Summary: A new study suggests that human crowd behavior is best predicted by a visual neighborhood model, based on the visual fields of each person in the crowd.
Researchers experiments with real and virtual crowds, finding that this model offered a more accurate prediction of crowd dynamics than other mathematical models.
These findings could have significant implications for managing crowd flow and preventing dangerous situations like jams, crushes, or stampedes. A visual model could promise more realistic simulations of crowd dynamics, according to the researchers.
Key Facts:
- The study compared different models of predicting crowd behavior and found the visual neighborhood model, based on the visual fields of individuals, to be the most accurate.
- In dense crowds, near neighbors may block the view of more distant neighbors, impacting the overall crowd movement.
- This new understanding of crowd dynamics can help in preventing dangerous crowd situations and in creating more realistic simulations.
Source: PNAS Nexus
Human crowd dynamics are best predicted by a visual neighborhood model, based on the visual fields of each person in the crowd. Birds flock, fish school, and human crowds, too, move in a collective motion pattern.
Understanding human crowd behavior can be useful for preventing jams, crushes, and stampedes.
Mathematical models of collective motion are typically based on characterizing the local interactions between individuals. One popular approach, called a metric model, is to quantify forces of attraction, repulsion, and velocity alignment for all neighbors within a fixed radius from the focal individual.
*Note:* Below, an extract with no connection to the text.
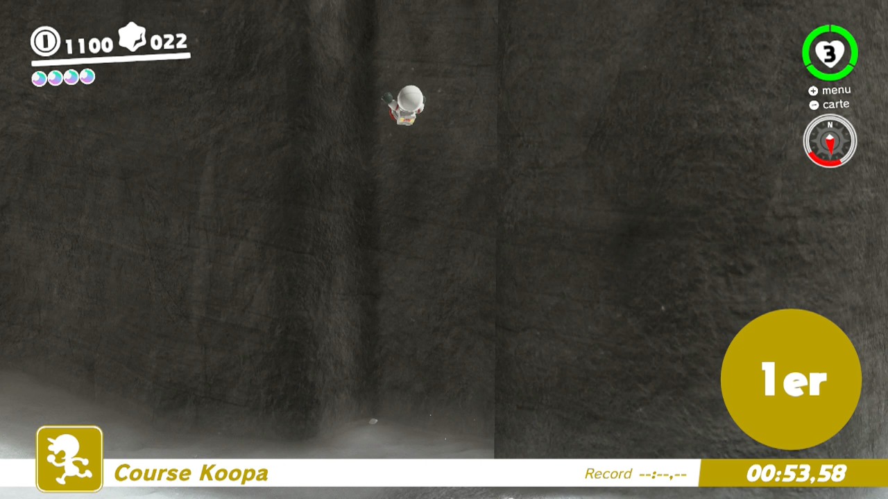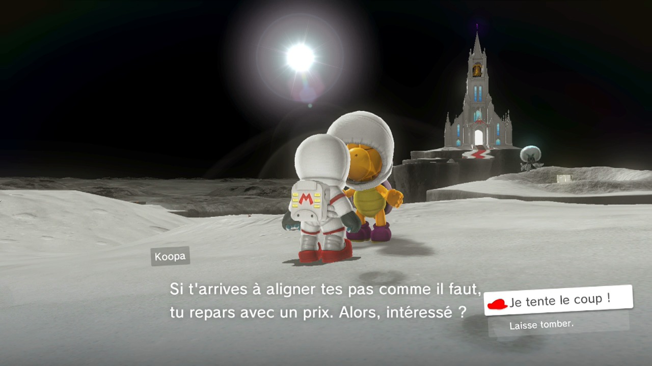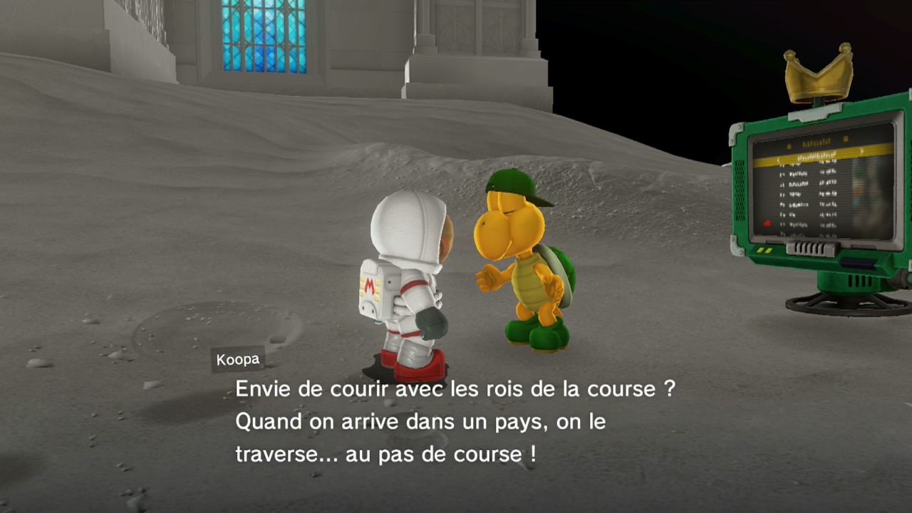 Un Koopa près de la salle des fêtes veut faire la course ! Arrivé le premier à la colonne de lumière pour remporter l’étoile.
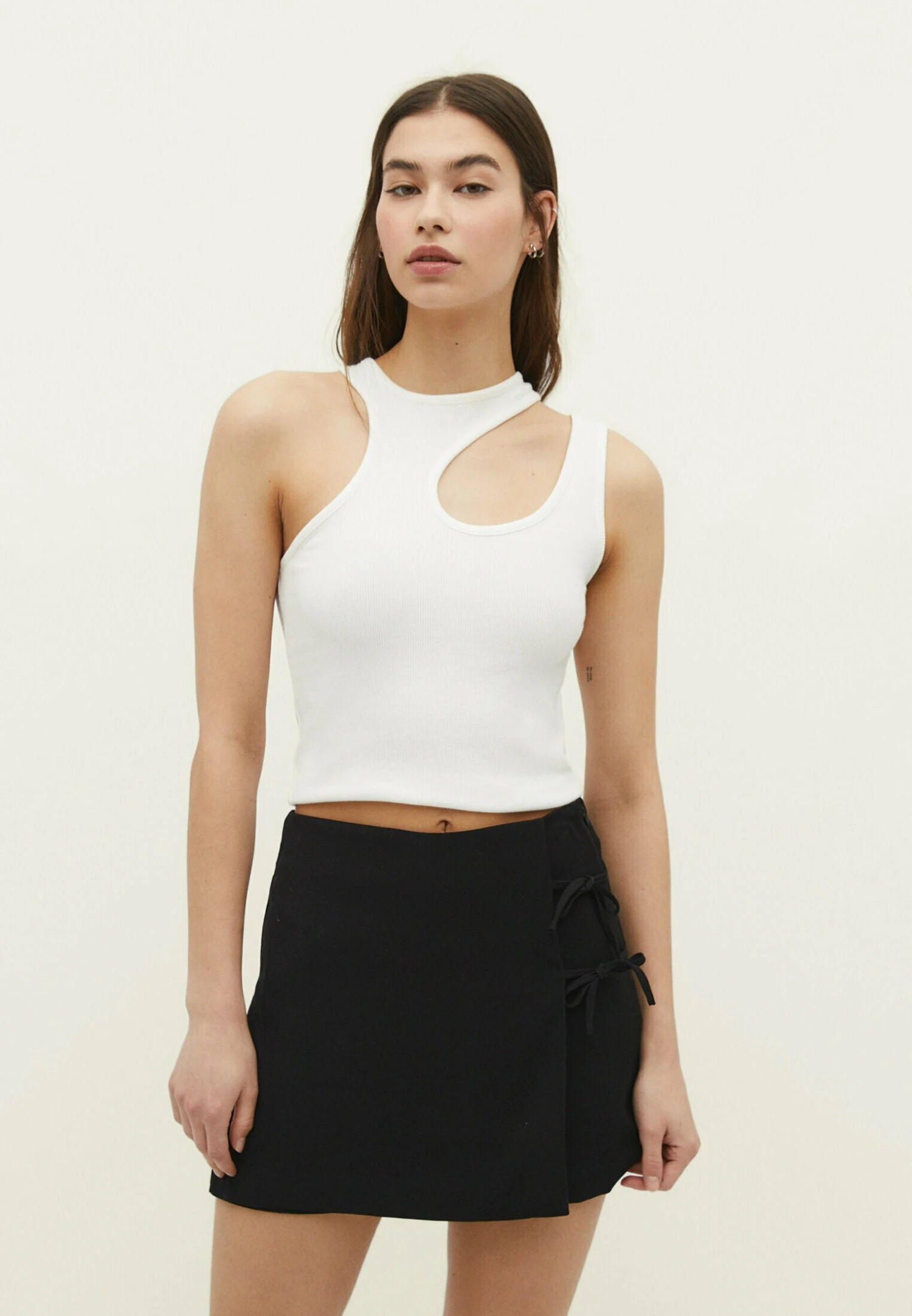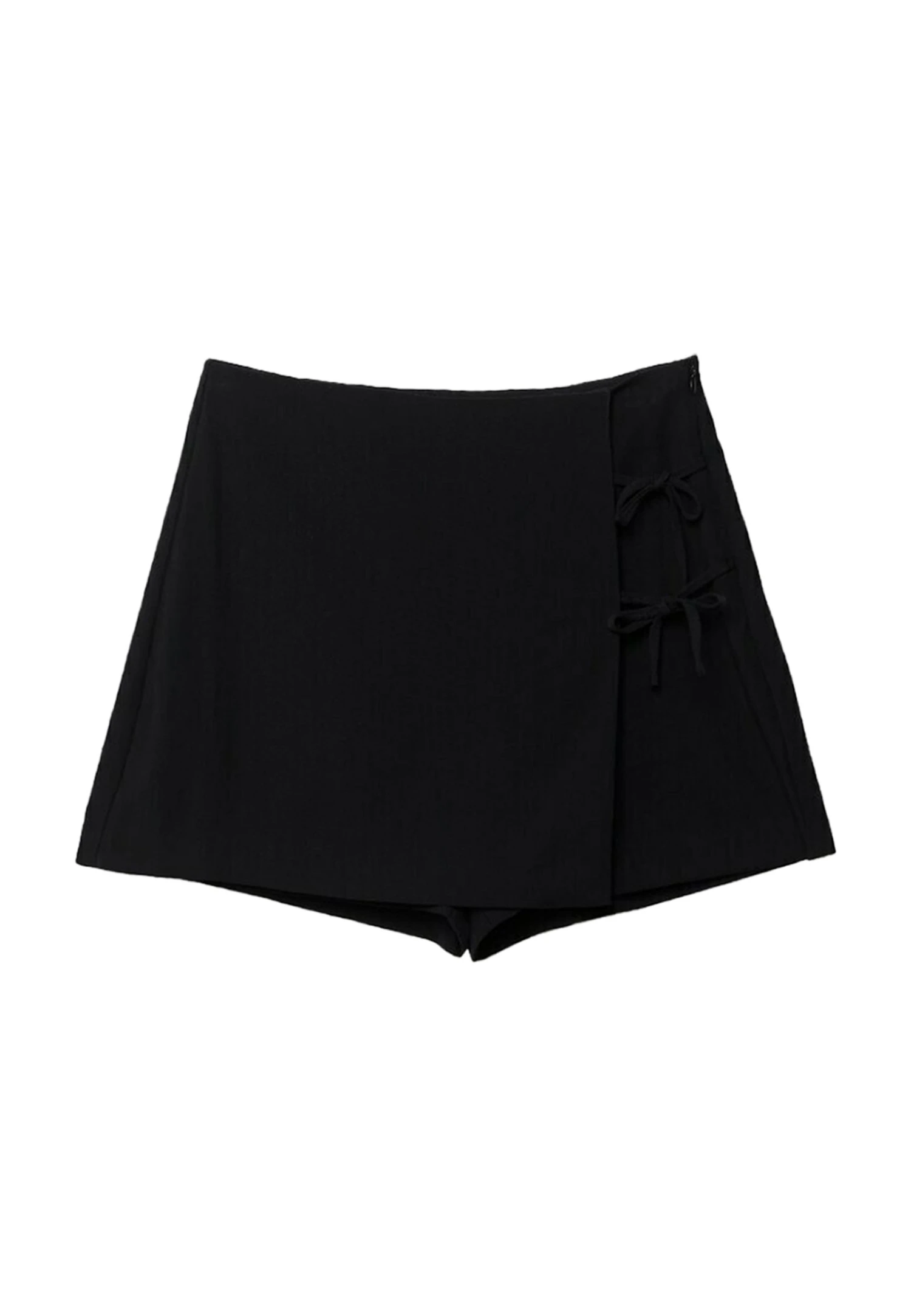 Stradivarius Flowing With Bow Detail – Jupe Portefeuille – Metallic Black

Alternatively, in a topological model the focal individual might be influenced by a fixed number of near neighbors, regardless of the distance to the focal individual.
Trenton Wirth and colleagues asked participants to walk in real and virtual crowds of varying densities, then changed the walking direction of some neighbors to see how the participants responded.
The authors found that the data produced was better predicted by the metric model than by the topological model. But the best model was based on the visual motions of the neighbors the focal individual could see.
In dense crowds, near neighbors may partially or completely block the view of more distant neighbors, removing the distant neighbors from the focal pedestrian’s input.
Pursuing a visual model promises more realistic simulations of crowd dynamics, according to the authors.
About this neuroscience research news
Author: Trenton D. Wirth
Source: PNAS Nexus
Contact: Trenton D. Wirth – PNAS Nexus
Image: The image is credited to Neuroscience News
Original Research: Open access.
“Is the neighborhood of interaction in human crowds topological, metric, or visual?” by Trenton D. Wirth et al. PNAS Nexus
Abstract
Is the neighborhood of interaction in human crowds topological, metric, or visual?
Global patterns of collective motion in bird flocks, fish schools, and human crowds are thought to emerge from local interactions within a neighborhood of interaction, the zone in which an individual is influenced by their neighbors.
Both metric and topological neighborhoods have been reported in animal groups, but this question has not been addressed for human crowds.
The answer has important implications for modeling crowd behavior and predicting crowd disasters such as jams, crushes, and stampedes.
In a metric neighborhood, an individual is influenced by all neighbors within a fixed radius, whereas in a topological neighborhood, an individual is influenced by a fixed number of nearest neighbors, regardless of their physical distance.
A recently proposed alternative is a visual neighborhood, in which an individual is influenced by the optical motions of all visible neighbors. We test these hypotheses experimentally by asking participants to walk in real and virtual crowds and manipulating the crowd’s density.
Our results rule out a topological neighborhood, are approximated by a metric neighborhood, but are best explained by a visual neighborhood that has elements of both.
We conclude that the neighborhood of interaction in human crowds follows naturally from the laws of optics and suggest that previously observed “topological” and “metric” interactions might be a consequence of the visual neighborhood.